### Dataset entries ###

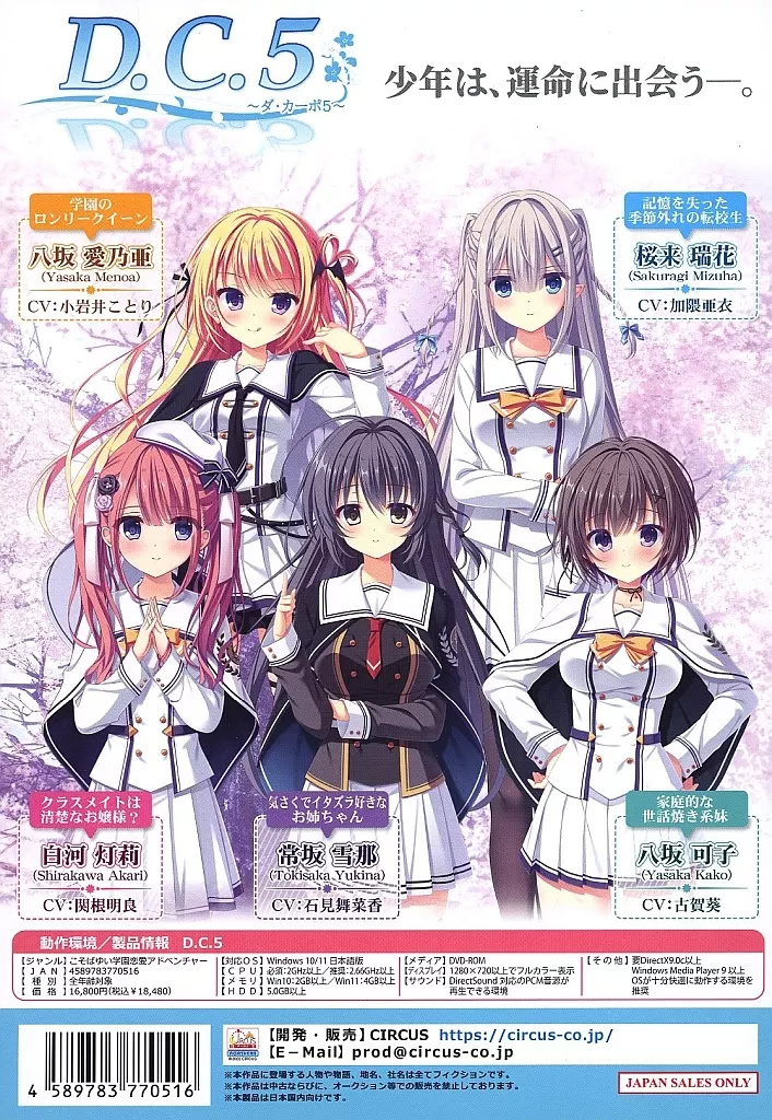 | 2023.12.21 | 일본어 | D.C.5 ~ダ・カーポ5~ダウンロード版 | 완전판 인터넷 |
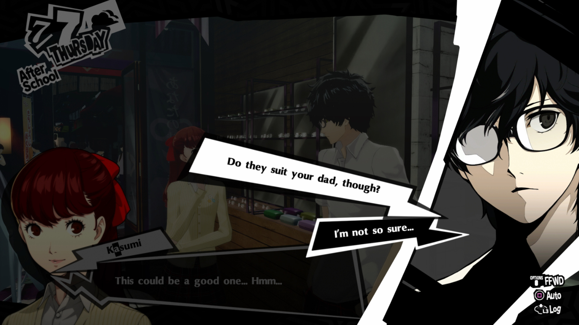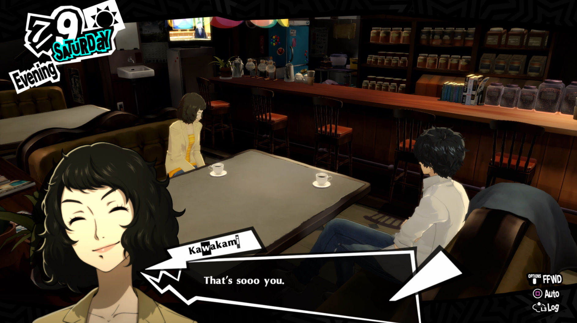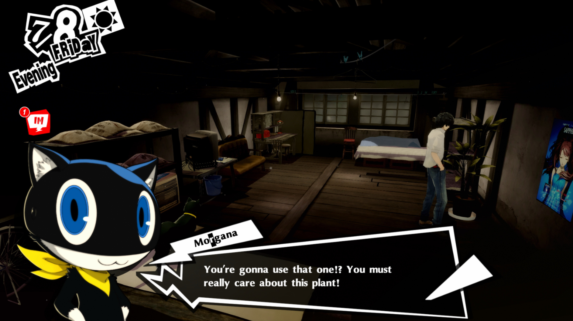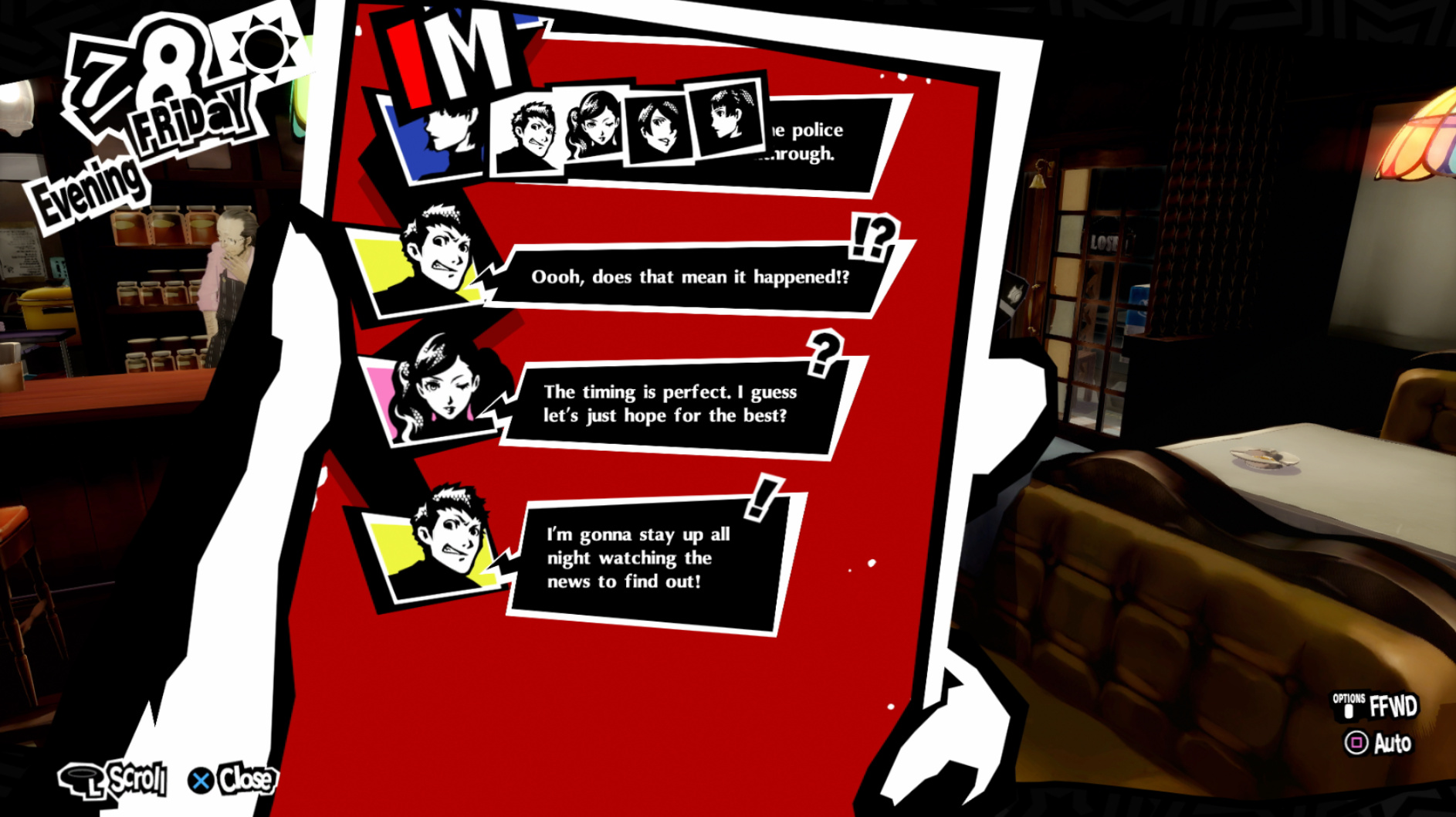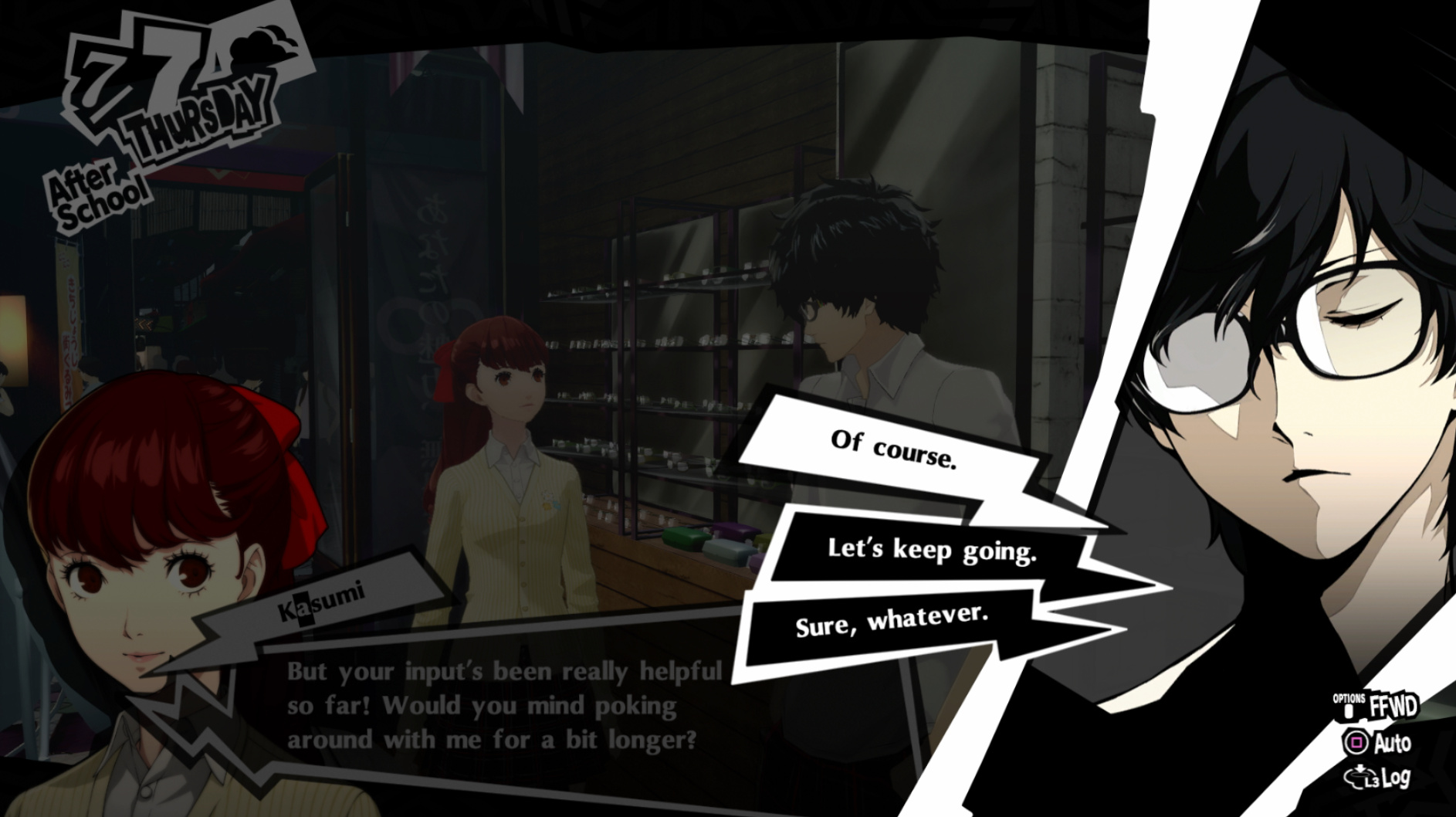 : I’m also reasonably certain that the green glasses on the rack behind Joker are Chie’s.
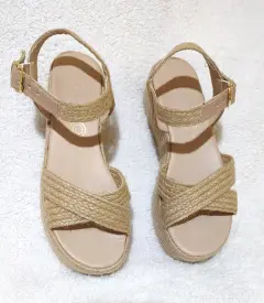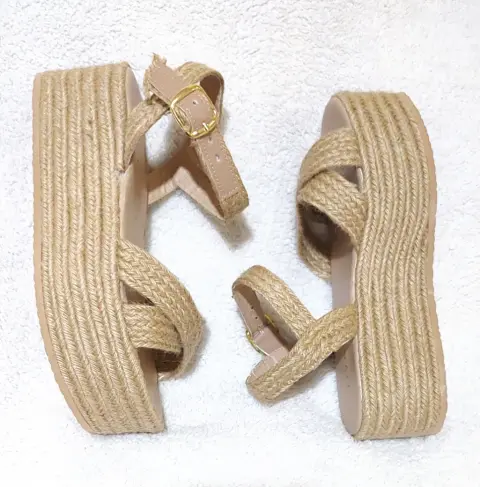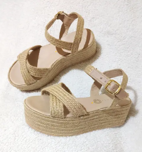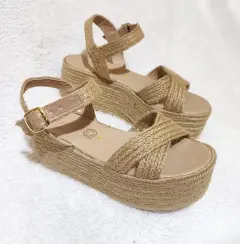 Hermoso huarache Yute natural estilo tiras cruzadas diseño plataforma muy ligera cómoda, de correa ajustable, suela que no pesa. Medida plataforma enfrente 5.5cm a tacón de 6.5cm . México número #25cm. Visita mi espacio para más modelos y numeración. Usa mi código promocional de descuento para tu primer compra dentro de la App copia y pega: lucyrmxXqQJ9
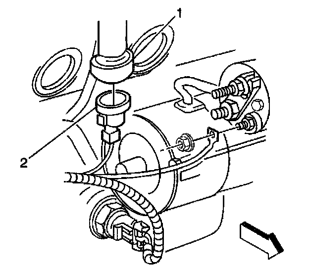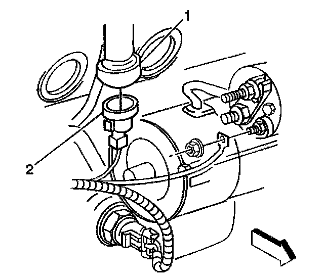 1. Install the knock sensor (2) into the engine block (1).
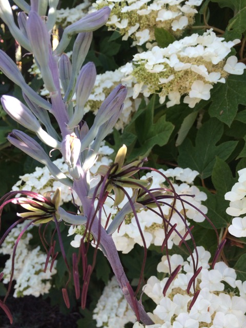 IMG_2873 ← Previous Next → Manfreda undulata ‘Chocolate Chip’ of the Agave family and its long spidery anther filaments.

###

→ What is being asked:
In the copy, include each entry exactly as written and none of the pictures.

→ Problem solution:
 | 2023.12.21 | 일본어 | D.C.5 ~ダ・カーポ5~ダウンロード版 | 완전판 인터넷 |
 : I’m also reasonably certain that the green glasses on the rack behind Joker are Chie’s.
 Hermoso huarache Yute natural estilo tiras cruzadas diseño plataforma muy ligera cómoda, de correa ajustable, suela que no pesa. Medida plataforma enfrente 5.5cm a tacón de 6.5cm . México número #25cm. Visita mi espacio para más modelos y numeración. Usa mi código promocional de descuento para tu primer compra dentro de la App copia y pega: lucyrmxXqQJ9
 1. Install the knock sensor (2) into the engine block (1).
 IMG_2873 ← Previous Next → Manfreda undulata ‘Chocolate Chip’ of the Agave family and its long spidery anther filaments.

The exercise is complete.